Uncontrolled hyperglycemia has unfavorable consequences at the nervous system of the DM patient. Diabetic neuropathy is defined as a microvascular and metabolic complication associated with DM along with structural and neurochemical alterations in both autonomic and peripheral nervous system in DM patients [97]. Neuropathy in the peripheral nervous system (Diabetic Peripheral Neuropathy, DPN) firmly related to excessive Medicare expenses, mortality, and existence hazardous results, for example, ulceration in the foot. The prevalence of DPN in patients with DM is around 35%, though up to 50% of patients with DM diagnose with neuropathy over time [88]. There is no any specific reported treatment of DPN, the main proposed technique for avoidance and assuaging signs being the steady support of euglycemia. The DPN pathophysiology is complicated and numerous signaling pathways make contributions to it [98]. A number of animal examinations have proposed that the DPN pathogenesis might be because of both increasing levels of blood glucose and the absence of neurotrophic effect of insulin or C-peptide [99,100]. Long term increasing level of blood glucose can cause intense alterations in metabolism and enzyme levels; discharge of neuropoietic cytokine (for example TNF-α, IL-1, and IL-6) can change homeostatic plasticity in neuronal systems and is associated in the advancement of DPN [101].

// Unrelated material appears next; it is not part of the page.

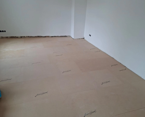 Der Untergrund wurde ausgeglichen und mit Dämm- und Ausgleichsplatten vorbereitet. Diese sorgen für eine plane Fläche, verbesserten Gehkomfort und eine spürbare Reduzierung von Geräuschen.

In one of the ongoing investigation, genistein has appeared neuroprotective impact against worldwide cerebral ischemia-reperfusion-prompted neuro damage in STZ-instigated DM mice. Genistein hindered a mitochondrial action in terms of neuronal apoptosis and DPP-4 action displays a key system by which it may alter intracellular OS and diminishing the infarct size in diabetic mice with cerebral IR, thus securing cognitive damage [102]. Likewise, in one of another investigation adequacy of genistein pretreatment on the signs and symptoms of the obsessive-compulsive disease (OCD) in STZ-incited diabetic mice was studied. After attaining concentration inside the mind cortical location, genistein may stabilize the metabolism of monoamine, especially serotonergic action, and thusly apply an anti-compulsive-like impact [103]. Additionally, genistein has likewise stated as neuroprotective approaches towards DM and age-associated neurodegenerative illnesses [104]. Genistein like estradiol might be appropriate medications towards cortical metabolic disorders brought about by DM (Table 1).

Genistein is having natural antioxidative activity with different biological and pharmacological properties. In the course of recent years, maximum examinations have concentrated on the remedial roles of genistein for DM, CVD, renal, reproductive disorders, neurodegenerative dysfunctions, and malignancy. An expanding number of researches have assessed the helpful impacts of genistein on the remedy of DM and its difficulties. The occurrence of diabetes and its complexities drastically diminishes after genistein mediation. In current years, the counter diabetic mechanisms of genistein have been mentioned. Genistein produces direct results on β-cell expansion, glucose-invigorated insulin discharge and assurance against apoptosis, independent of its features as an estrogen receptor agonist, or tyrosine kinase inhibitor. OS destructs insulin discharge and develops resistance to insulin, in this manner exasperating the pathogenic state of DM and its intricacies. Genistein, an amazing antioxidative agent, can inhibit OS and postpone the diabetic associated complications progression. The immune system causes inflammatory reactions in islets of the pancreas and peripheral insulin resistance by means of discharging cytokines as well as. Hence, suppressing the discharge of those inflammatory factors probably an important motive for the remedial influences of genistein on those illnesses. OS and inflammatory reactions are the 2 noteworthy causes that advance the improvement and development of DM associated problems. Diabetic nephropathy, retinopathy, and neuropathy have been most extensively unique complications.

Commonly, the precise mechanism of genistein on those diseases need to be in addition studied Primarily based at the information supplied in the present assessment, genistein might be utilized to effectively avert a number of the clinical complications of DM. Later on, we will explore the function of genistein in the treatment of DM and its adverse effects.